OQ Technology and Telefónica Germany plan to demonstrate two-way satellite communications directly to standard smartphones using terrestrial mobile spectrum. The test is relevant for Europe’s emerging non-terrestrial network strategy because it links LEO satellites, licensed operator frequencies and unmodified consumer devices.
Direct-to-device satellite connectivity is moving from a question of whether a handset can see a satellite to a more difficult operational issue: how satellite links fit into mobile networks that are already regulated, spectrum-constrained and commercially controlled by terrestrial operators. For IoT and mobile ecosystem players, that distinction matters. The technical promise is not simply coverage from space, but coverage that can be integrated without forcing new hardware into every endpoint.
Against that backdrop, OQ Technology and Telefónica Germany are preparing a live demonstration in Germany, to evaluate two-way communications between low Earth orbit satellites and standard, unmodified smartphones, including iPhone, Samsung and Google devices. The companies say the trial will focus on messaging and voice-based services delivered directly from space using terrestrial mobile spectrum provided by Telefónica Germany.
The announcement is notable because it is not framed as a standalone satellite service operating outside the mobile operator domain. OQ Technology plans to use its in-house developed multi-band direct-to-device payload technology with Telefónica Germany’s licensed frequencies, with the companies assessing how the satellite layer interacts with existing terrestrial mobile infrastructure. The planned work includes achievable data performance, spectrum coexistence and direct-to-device communications scenarios in areas where expanding ground infrastructure is difficult.
A different model from proprietary satellite IoT
What makes this project distinct from many satellite IoT announcements is the combination of standard handsets, mobile operator spectrum and a 3GPP-based payload approach. OQ Technology says its payload supports MSS S-band, C-band and IMT bands, giving it a technical path across satellite-designated and mobile spectrum bands. The company has already demonstrated direct-to-device connectivity using MSS S-band spectrum and says it is preparing missions spanning MSS S-band, C-band and IMT spectrum for direct smartphone connectivity.
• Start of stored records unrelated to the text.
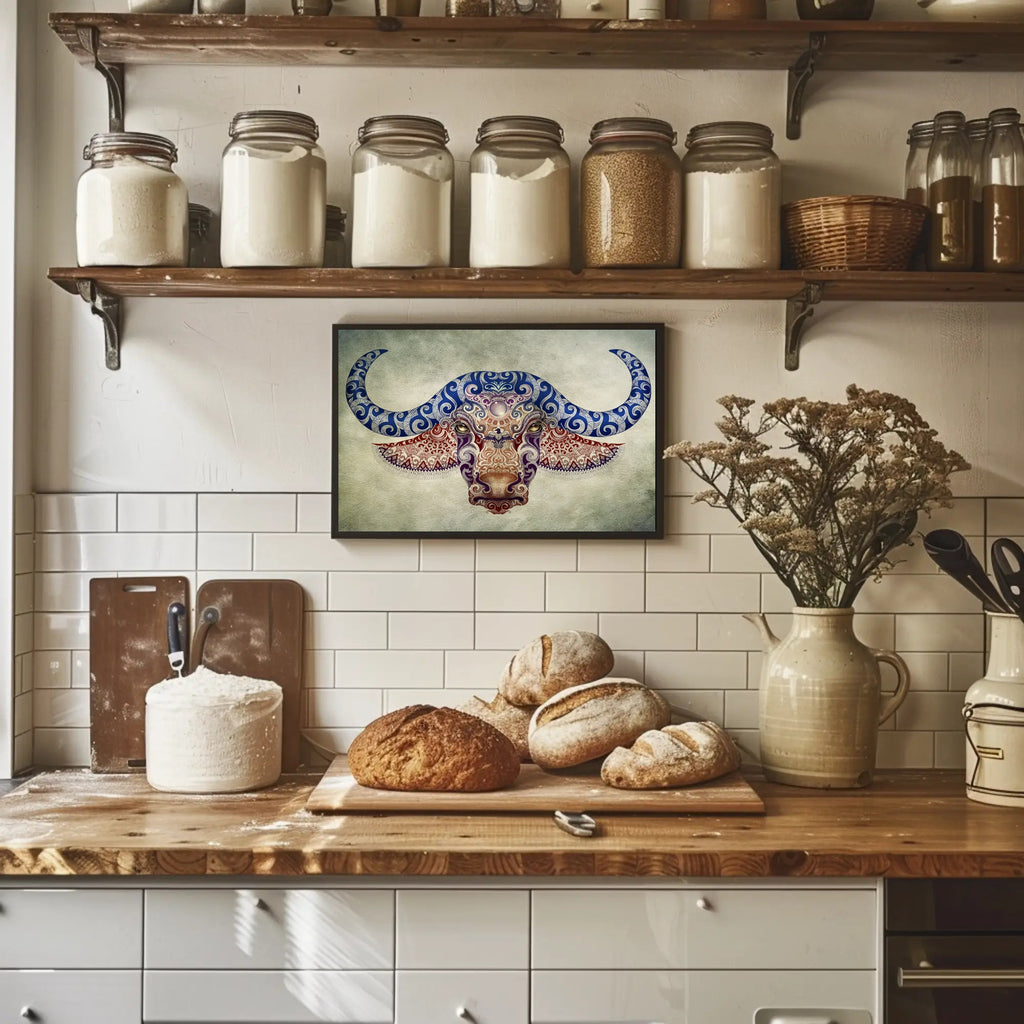 Perfect placement: Hang above a sofa, over a mantel, or in a cafe or kitchen prep area to add instant character and conversation-starting detail. The poster’s balanced composition and bold horns make it especially effective as a central gallery wall piece.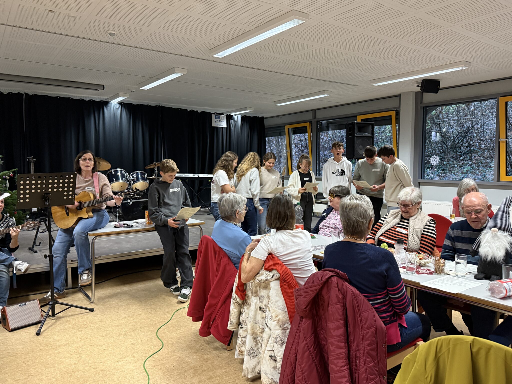 Am vergangenen Freitag fand an der IGS Zell ein Seniorennachmittag für bis zu 40 Besucherinnen und Besucher ab 65 Jahren statt. Die Veranstaltung wurde von Schülerinnen und Schülern der Klasse 8c organisiert und sorgte für eine warme, weihnachtliche Atmosphäre.
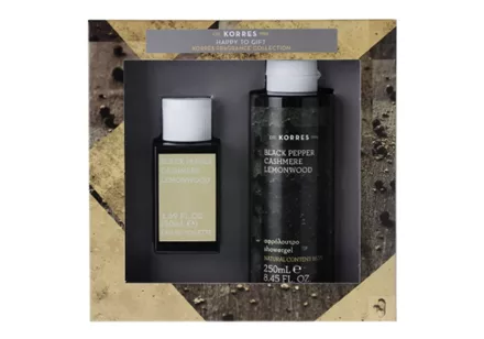 BLACK PEPPER/ CASHMERE/ LEMONWOOD από την Korres, ένα σετ ιδανικό για κάθε άντρα. Στο ξυλώδες αφρόλουτρο συνυπάρχουν η αναζωογονητική οξύτητα του Λεμονιού, ο ιδιαίτερος χαρακτήρας του Μαύρου Πιπεριού, η ζεστή πολυτέλεια του Cashmere με τις νότες Guaiacwood και Cedarwood. Αυτό συνοδεύεται από το αντίστοιχο Eau De Toilette άρωμα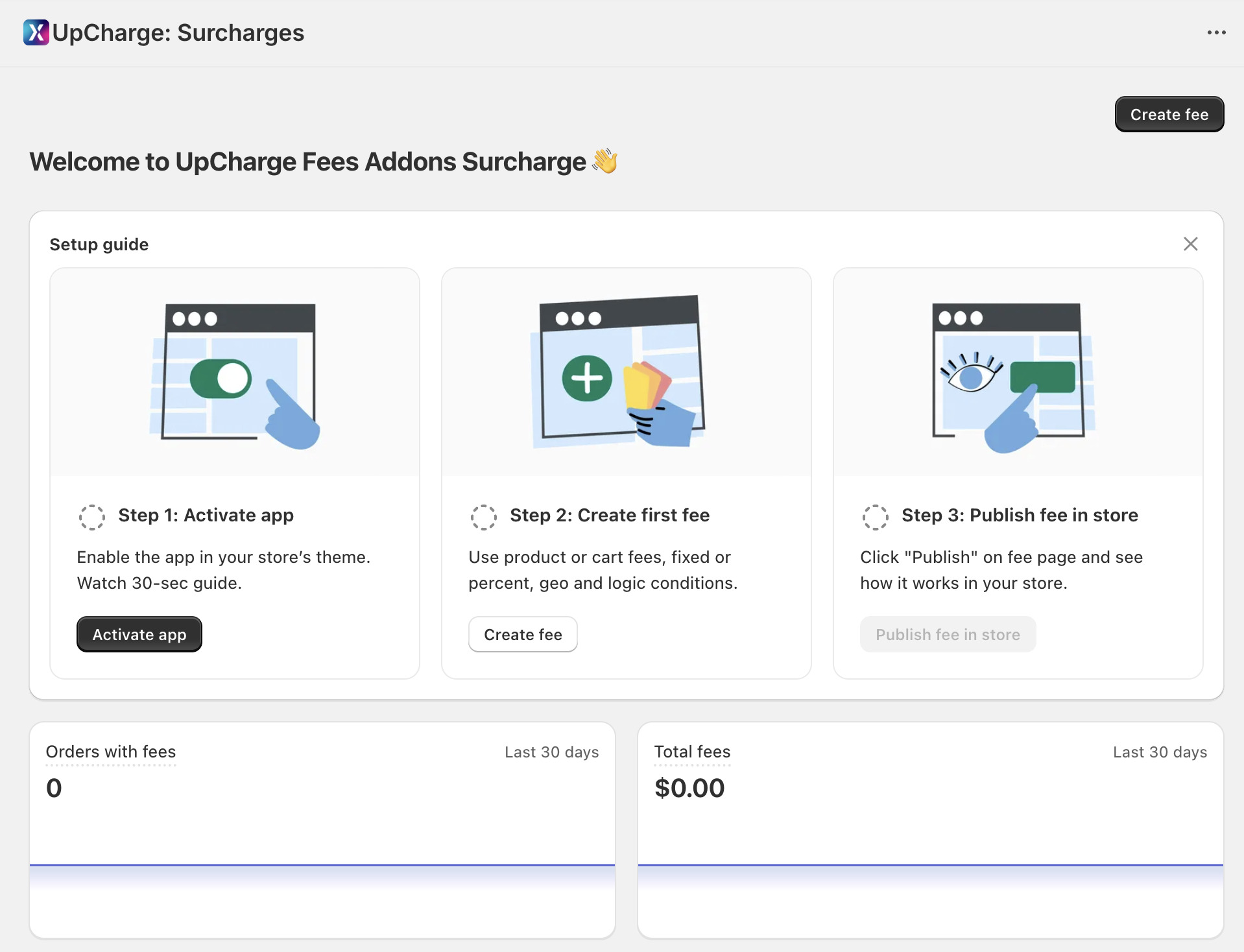 - Activate the app. This turns on the app embed in your theme so your fees can appear on product pages and in the cart.2. Create your first fee. You can choose between product fees or cart fees and set fixed or percentage-based charges.3. Publish the fee in your store. Once the fee is created, you click Publish so the fee is live on your store.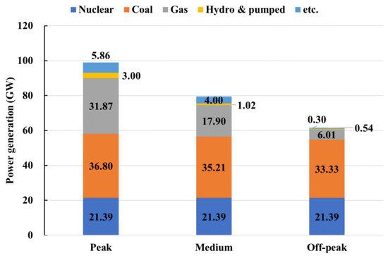 As of 2021, the peak load of the Korean power system was 91.141 GW, and the off-peak load was 54.836 GW. Compared to 2021, in 2030, peak and off-peak demand are expected to increase by 8.53% and 12.28%, respectively. In Korea, nuclear and coal-fired generators have been supplying electricity as base power sources. Accordingly, the power supply of the gas generator changes according to the demand. In the case of the plan DB, VER was not included as a separate review item; therefore, it was reflected based on additional modeling. Considering the expansion plan, the ratio of PV to WTG was applied as 2:1 for the installed capacity of VER. Typically, in the case of a medium-load level for a solar-based power system, such as the Korean power system, VER would account for the high portion of generation.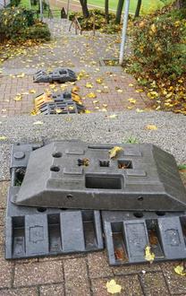 Das Mittelgeländer über mehrere Stufen des Treppenweges vom Gemeinschaftshaus zur Gartenstraße war durchgerostet und wurde mittlerweile abgebaut. Fußgänger müssen seitdem ohne die Sicherheit eines Geländers die Treppen begehen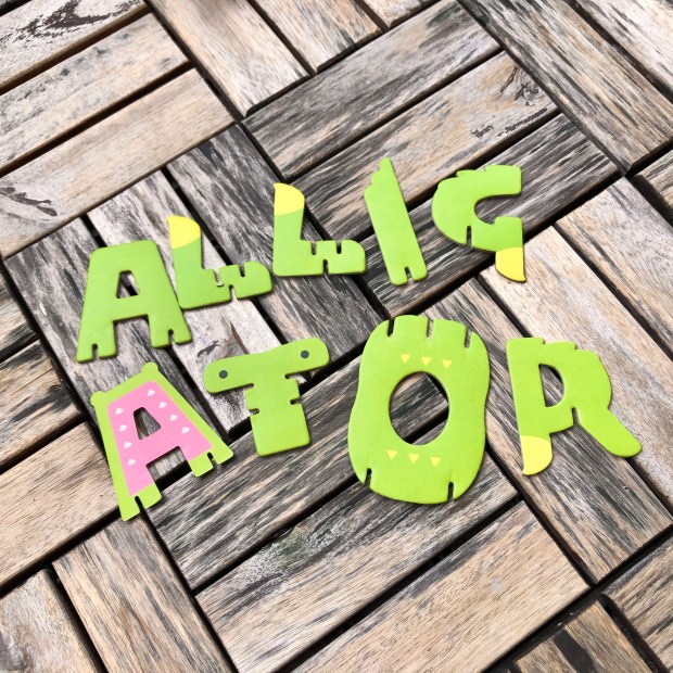 像是把ALLIGATOR這九個字母,直接拼接成一隻立體的小鱷魚,或像是DUCK這四個字母,D和C是身體,K是嘴巴,可以組合成一隻可愛的小鴨子。字母都是大寫,沒有小寫。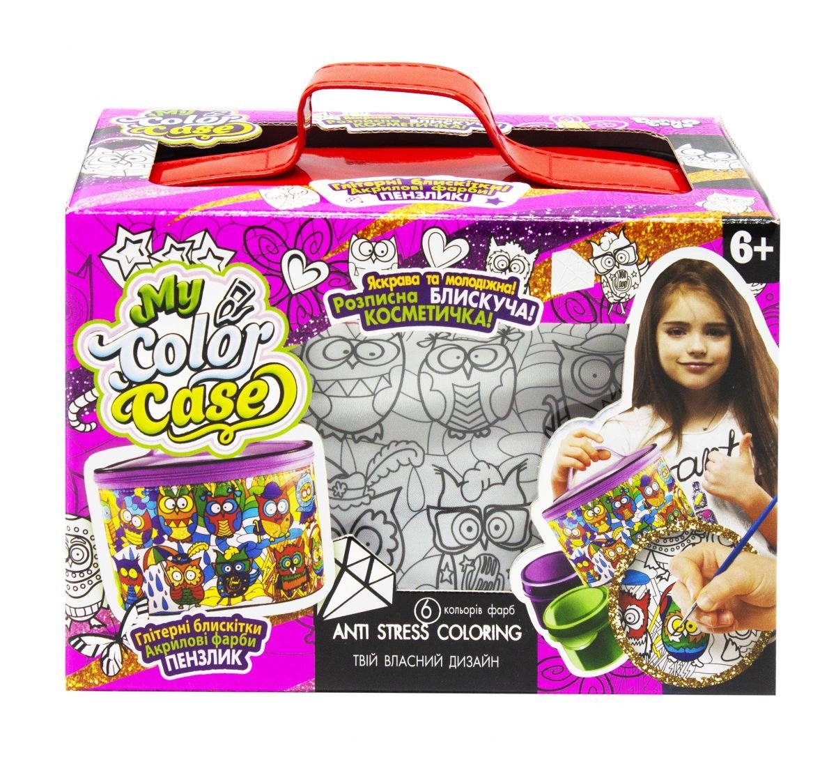 Цікавий набір для творчості, який допоможе розвивати у дитини сприйняття кольору, креативність, а також є відмінним антистрес. У наборі є косметичка, яку дитина зможе розфарбувати так, як йому подобається і прикрасити. Так само, є палітра фарб на 6 кольорів, блискітками, акриловий лак і пензлик. Виконано набір з якісних і безпечних матеріалів. Для дітей від 5 років.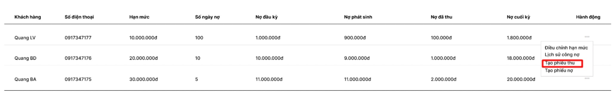 Nhấn vào phần 3 chấm trong hành động và chọn tạo phiếu thu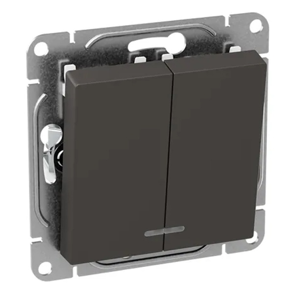 Двухклавишный выключатель с индикацией скрытой установки цвет мокко, винтовое подключение ЕКФ Эпика UP1-SWM-24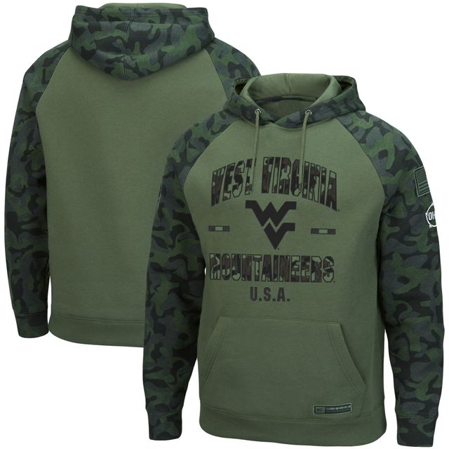 Men's Colosseum Olive/Camo West Virginia Mountaineers OHT Military Appreciation Raglan Pullover Hoodie

That multi-band positioning is important. Traditional satellite IoT often depends on dedicated terminals, proprietary air interfaces or application-specific modules. In this case, the target is closer to an operator-led non-terrestrial network model, where the satellite layer complements the mobile network and uses conventional devices. For mobile network operators, this preserves a clearer role in spectrum control and service integration than models that bypass terrestrial operators entirely.
A practical implication follows: if the endpoint remains an ordinary smartphone, much of the complexity shifts away from device hardware and into network integration, spectrum management and service orchestration. That is a significant trade-off. It may reduce barriers for users and OEMs, but it places more responsibility on operators and satellite partners to manage coexistence with terrestrial networks and to define when traffic should move between ground and space links.
Why the German demonstration matters for IoT
The selected use case is broader than consumer emergency messaging. OQ Technology describes its network as supporting both direct-to-device and IoT NTN services, and the companies’ collaboration also builds on existing work in IoT satellite connectivity for enterprise monitoring and communications. For industrial IoT, logistics, utilities and public-sector deployments, the most relevant angle is continuity of service in places where terrestrial networks are unavailable, uneconomic or physically hard to extend.
For OEMs, the development reinforces the value of tracking 3GPP NTN compatibility rather than betting only on closed satellite designs. For system integrators, hybrid terrestrial-satellite coverage could change how remote assets are specified, especially where cellular service is intermittent rather than completely absent. Enterprises, meanwhile, should view the technology as a potential resilience layer, not as a wholesale replacement for terrestrial cellular infrastructure.
The European context also matters. The project is being positioned around sovereign satellite-mobile communications, with a European satellite operator and a German mobile network operator testing an architecture based on open standards and licensed spectrum. As NTN features continue to develop within 3GPP standardization and future 6G discussions, demonstrations such as this one will help clarify how much of the satellite opportunity will be captured by mobile operators, satellite specialists, device makers and IoT service providers.
The planned trial will not, by itself, define the commercial shape of direct-to-smartphone services in Europe. But it does address one of the central questions for the sector: whether satellite connectivity can be added to mobile networks in a way that respects existing spectrum rights, keeps devices unchanged and still provides useful service in hard-to-cover areas. For IoT professionals, that is a more consequential test than another isolated proof of satellite reach.